Role of riboflavin and nicotinamide in vitamin B12 production by Propionibacterium freudenreichii

Riboflavin (RF) serves as a precursor for the biosynthesis of 5,6-dimethylbenzimidazole (DMBI), the lower ligand of vitamin B12, in Propionibacterium freudenreichii. Nicotinamide (NAM) has been reported to enhance this biosynthetic pathway. In this study, we investigated the effect of RF and NAM supplementation on vitamin B12 production by P. freudenreichii DSM 20271 in barley malt extract-based model medium. A medium containing 10 % (w/v) concentrated malt extract supplemented with lactate and tryptone supported superior growth and B12 production. RF (1, 3 and 40 μM with 27 mM NAM), and NAM (0.1, 0.6 and 27 mM with 3 μM RF) were evaluated for their impact, with 100 μM DMBI used as a reference. RF concentrations ≥3 μM significantly enhanced B12 production, while NAM was effective only at 27 mM. Growth and metabolite profiles were largely unaffected, suggesting that increased B12 synthesis resulted from improved precursor availability rather than enhanced biomass.

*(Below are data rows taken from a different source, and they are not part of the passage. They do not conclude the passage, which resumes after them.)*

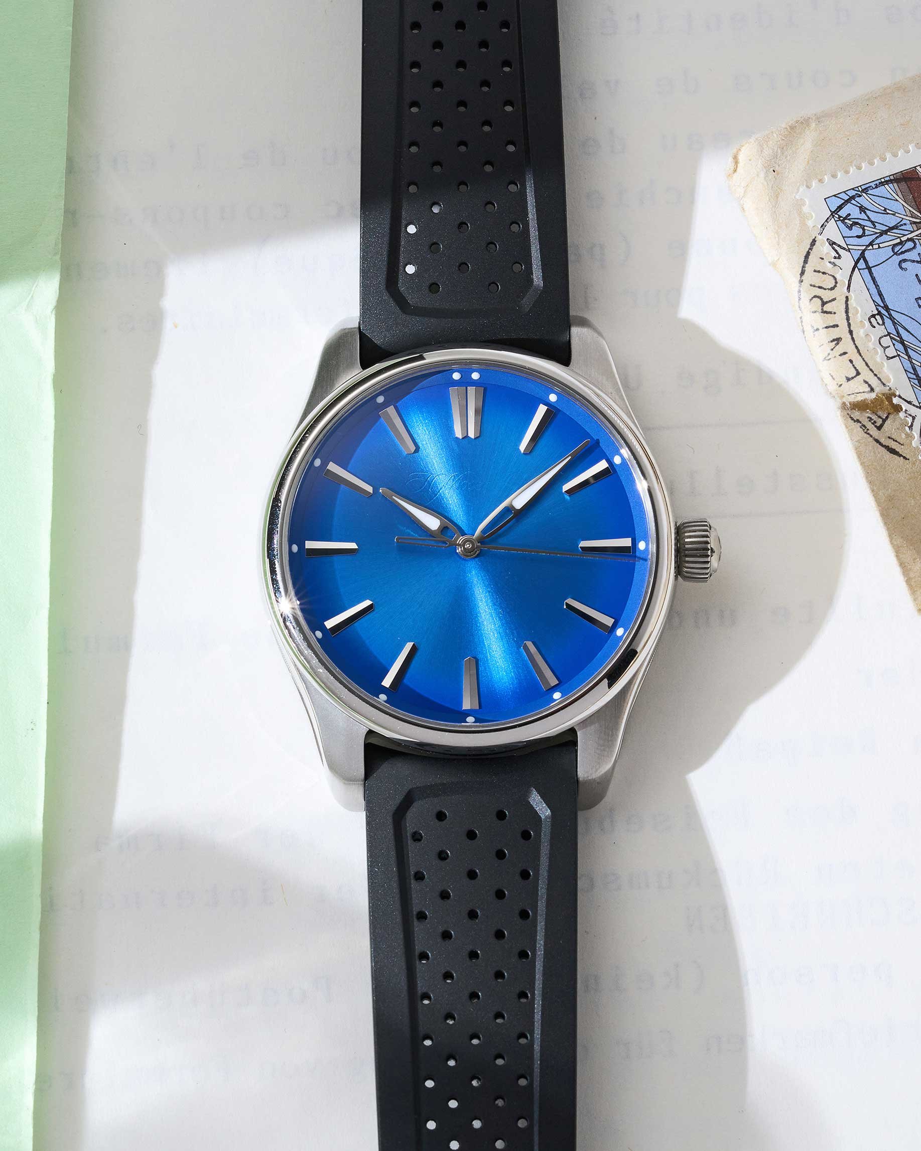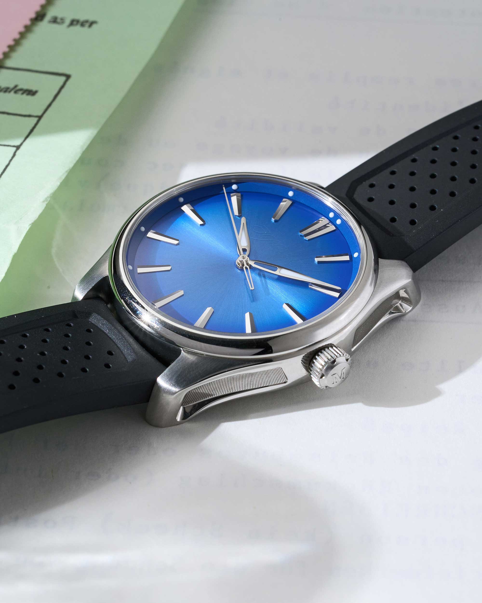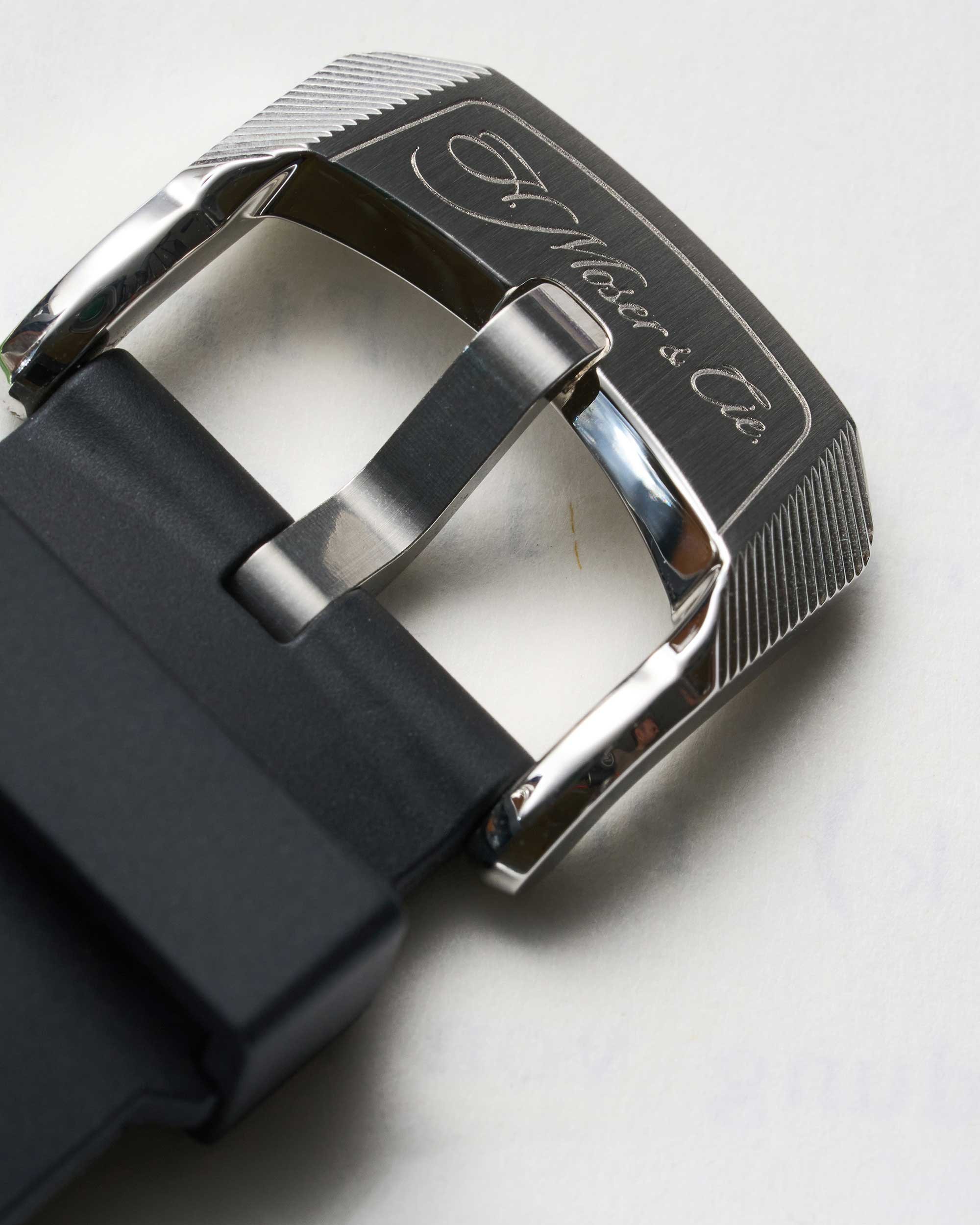 Ausgestattet ist die Uhr mit einem schwarzen Kautschukband, das sowohl sportlichen Komfort als auch hohe Alltagstauglichkeit bietet. Das Band schmiegt sich angenehm ans Handgelenk und wird durch eine Edelstahl-Dornschließe sicher fixiert, passend zum robusten Charakter der Pioneer.
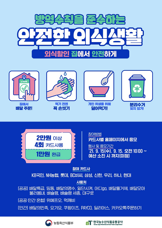 앞서 농식품부는 코로나19 상황 지속에 따른 내수 경기 위축 최소화를 위해 비대면 외식 할인 지원을 지난달 15일 재개한 바 있다.
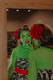 She trusted my suggestion to go all out with a bold, playful green, turning the classic pinup aesthetic into a sexy, fun zombie twist. A big shoutout to Jessi B Artistry for the makeup inspiration, it really elevated the concept. It was so bold and unexpected, and added such a fun twist to the whole shoot.
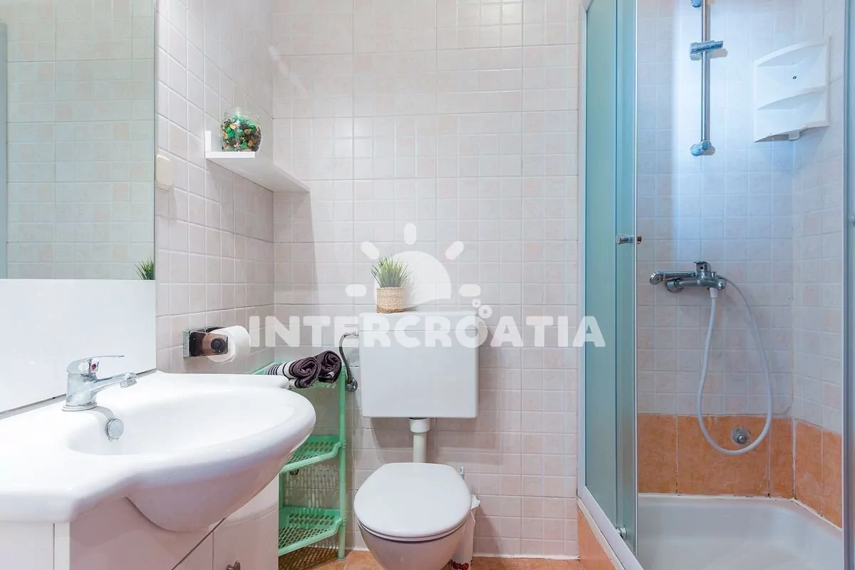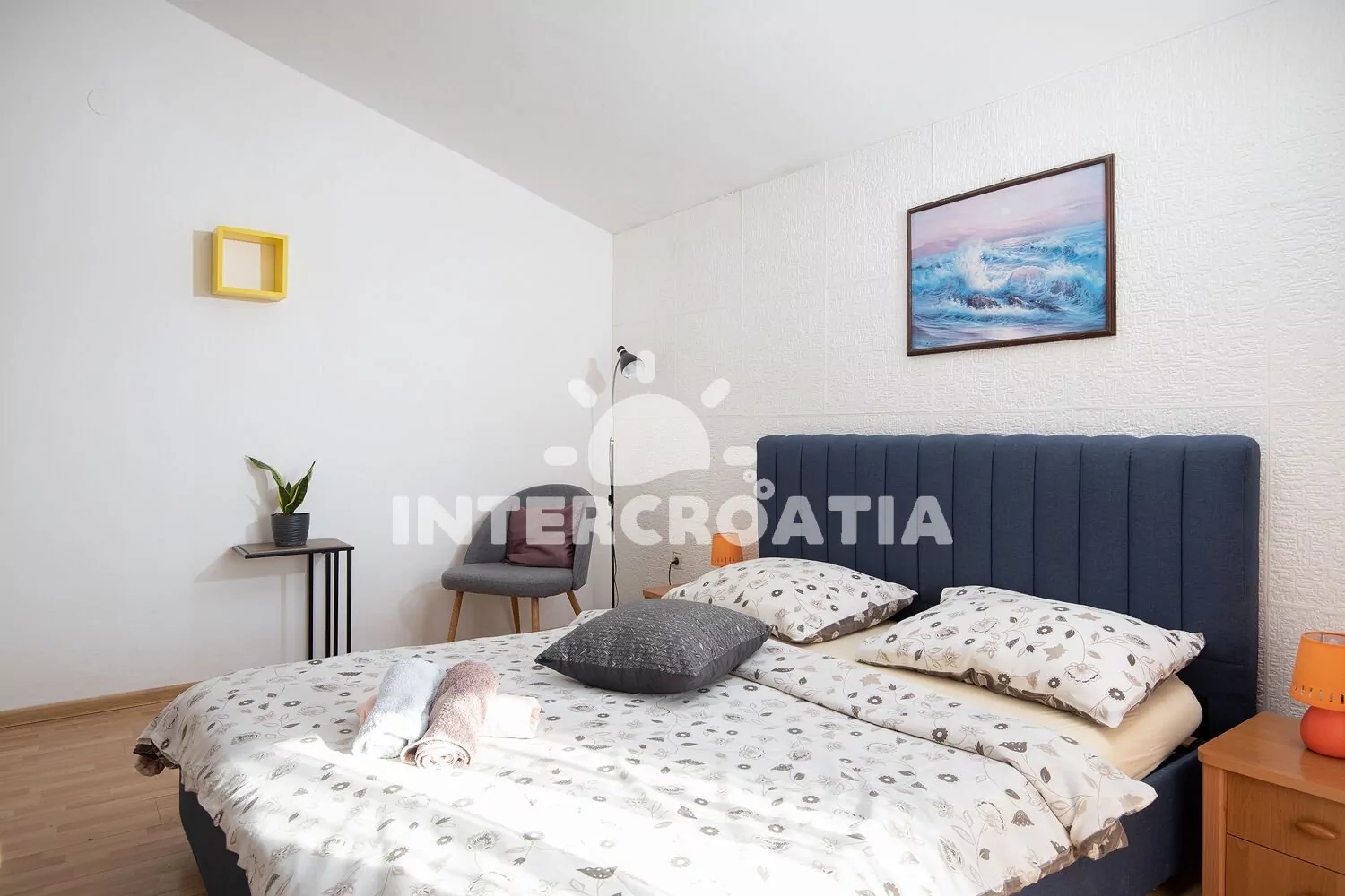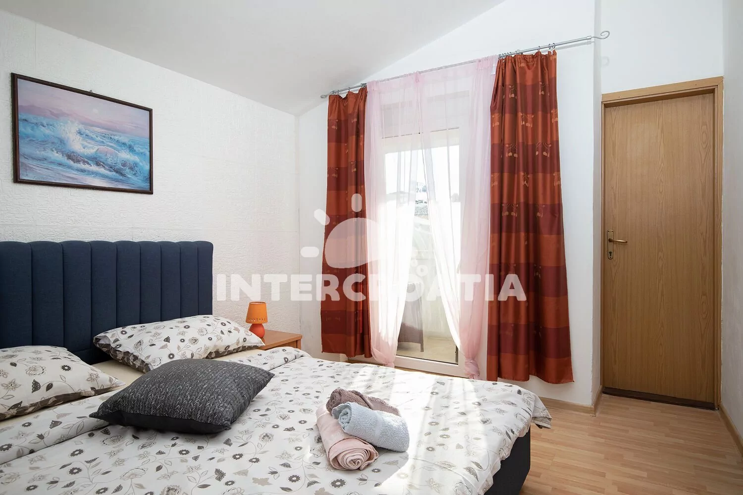 Moderně zařízený apartmán s lodžií a výhledem na moře, nachází se v druhém patře domu a je vhodný pro 4 až 5 osob. Obývací pokoj je spojený s kuchyní. Kuchyňská linka je vybavena sporákem, mikrovlnnou troubou, kávovarem, rychlovarnou konvicí, nádobím a lednicí s mrazákem. Obývací pokoj s jídelním stolem pro 4 osoby, pohovkou (rozložitelná na extra lůžko pro 1 osobu), televizí se satelitním programem a klimatizací. První i druhá ložnice je vybavena vždy s jedním dvoulůžkem a vstupem na balkon. První i druhá koupelna je vybavena sprchovým koutem, umyvadlem a wc. Hostům je k dispozici parkování u objektu zdarma.
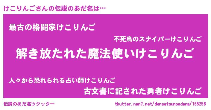 | 女子向けラノベタイトル風あだ名 | 『けこりんごの卵を拾いまして』 |
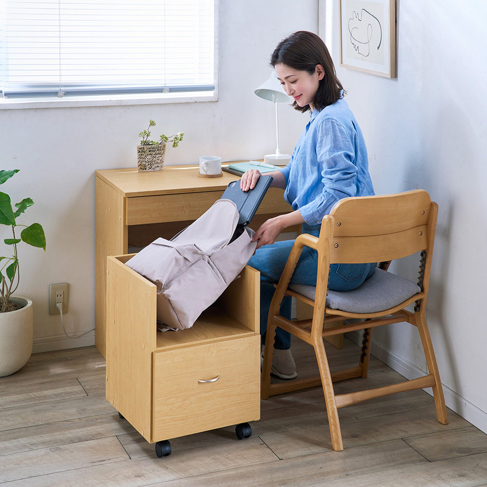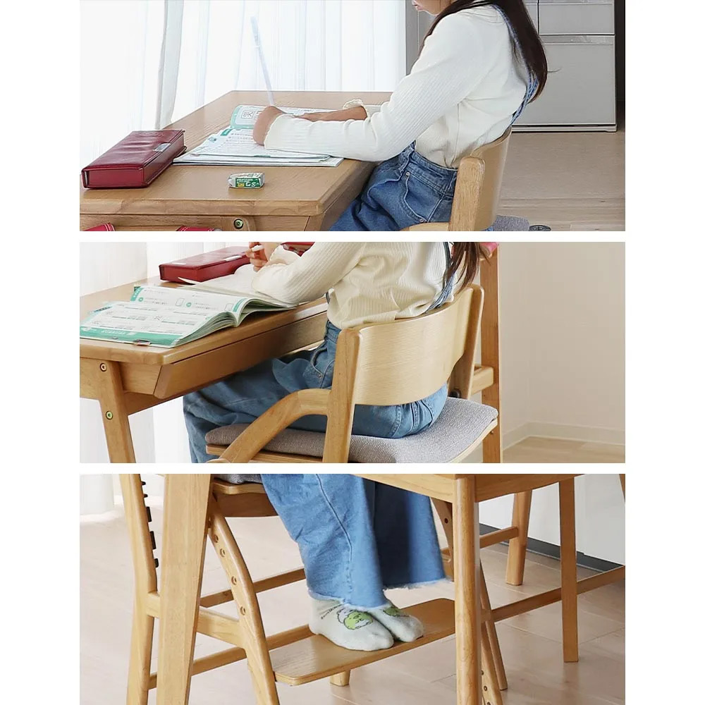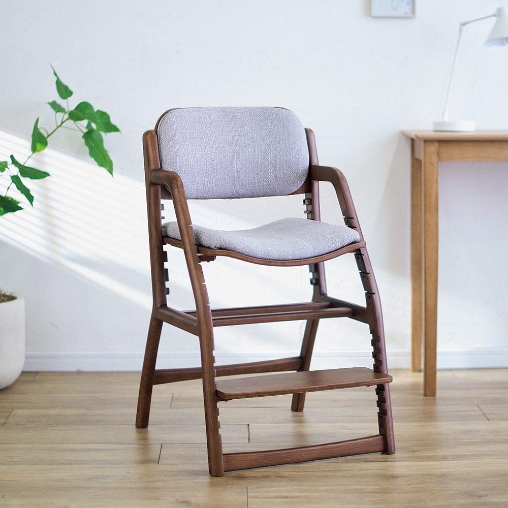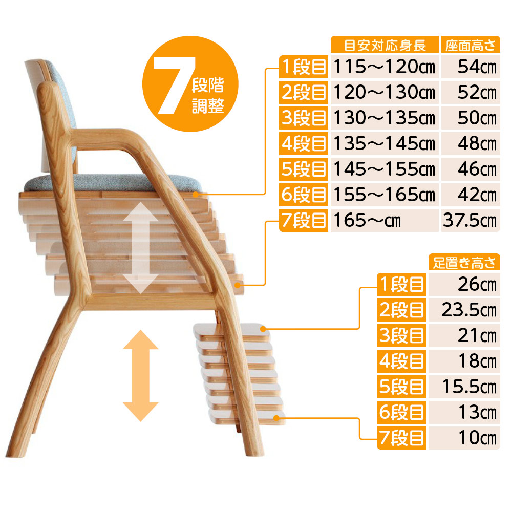 細やかな高さ調節で正しい姿勢を保って、集中力UP! 「頭のいい子を目指すチェア」シリーズに、高さ調節がワンタッチで簡単にできる最新版が登場。身長によらず正しい姿勢で座れるよう開発された構造により、体の負担が少なく集中力が続きます。気軽に高さ変更できるから子供も大人も毎日使える、家族にうれしい一台です。子どもから大人まで、正しい姿勢を保って集中力UP!(イ)ブラウン約1200人の小学生の体型を調査し、身長によらず正しい姿勢で座れるよう開発されたチェアです。幼児期の子どもから大人まで年齢を問わず、学習や仕事の集中力を保ちやすい姿勢で座ることができます。インテリアになじむデザインで、お子さまの食事からリビング学習までサポート左:(ア)ナチュラル、右:(イ)ブラウンシンプルなデザインは、おしゃれなダイニングテーブルともマッチ。小さなお子さまが家族に見守られて安心して勉強できる「リビング学習」もサポートします。簡単に座面の高さを変えられる新設計で、大人のワークチェアとしても活躍(ア)ナチュラル ※デスク&ワゴンは別売りのコンパクトデスク&ワゴン スターターセットです座面と足置きはボタンで簡単に高さ調節可能。足置きも簡単に取り外せるので、夕方はお子さまのリビング学習、夜は大人のワークチェアとして、時間帯で使い分けることもできます。もちろん、大人も正しい姿勢で座れて集中力アップ!約1200人のデータでわかった“頭のいい子”を目指せるヒミツ※写真のチェアは同シリーズ別モデルの使用例●集中力を保つ3つのポイントは(1)ひじが疲れにくい角度(2)姿勢が安定する広々とした背もたれ(3)足がぶらぶらしない足置きそれら3点を考慮した設計により正しい姿勢を保ち続けられるため、体の負担が少なく集中力が続きます。座面と足置きの高さは、それぞれ7段階にきめ細かく調整可能小さいお子さまが座るときは体に合わせて座面の奥行が狭く、伸びた身長に合わせて座面位置を下げると座面の奥行も広くなります。どの高さでも背もたれが常に適切な位置になるので、しっかりと体を支えられて姿勢が安定します。幼児から大人まで長く使えるロングライフ設計です対応身長の目安は115〜170cm。小さなお子さまが成長して、大人になっても使える長期の使用を想定した設計。良いものを長く使いたい方にもおすすめです。高さ調節は、はめこむだけのワンタッチで工具いらず座面や足置きの高さ調節は、(1)座面下の赤いボタンを押して座面を前に引き抜く。(2)希望の高さに座面を差し込み、銀色のボタンを押して完了。工具もいりません。美しい木目を生かし、小さな手にもやさしく加工温もりある木肌は、なめらかで心やすらぐ手触り。2層構造のクッションはヘタリにくく、体の軸がブレず疲れにくいので、長時間座り続けても快適です。組立不要の完成品なので、届いてすぐ使えます。詳細サイズは、こちらでチェック(ア)ナチュラル集中力を保つために大切な「正しい姿勢」を、いろんなシーンで実現しますお子さまのリビング学習や食事に。小中高の学生時代を通じて学習机のチェアとして。大人のテレワークや趣味のデスクチェアとしてなど、使うシーンも多彩。きっと、家族みんなのお気に入りチェアになります。

Transcriptomic analysis revealed significant downregulation of RF biosynthesis genes, consistent with feedback inhibition from exogenous RF, while B12 biosynthesis genes remained transcriptionally stable, indicating that the observed increase in B12 production is primarily regulated at the metabolic rather transcriptional level. These findings demonstrate that B12 production in P. freudenreichii can be enhanced using RF and NAM precursors, but practical applications must balance efficacy with NAM safety limits for use in B12-enriched fermented foods.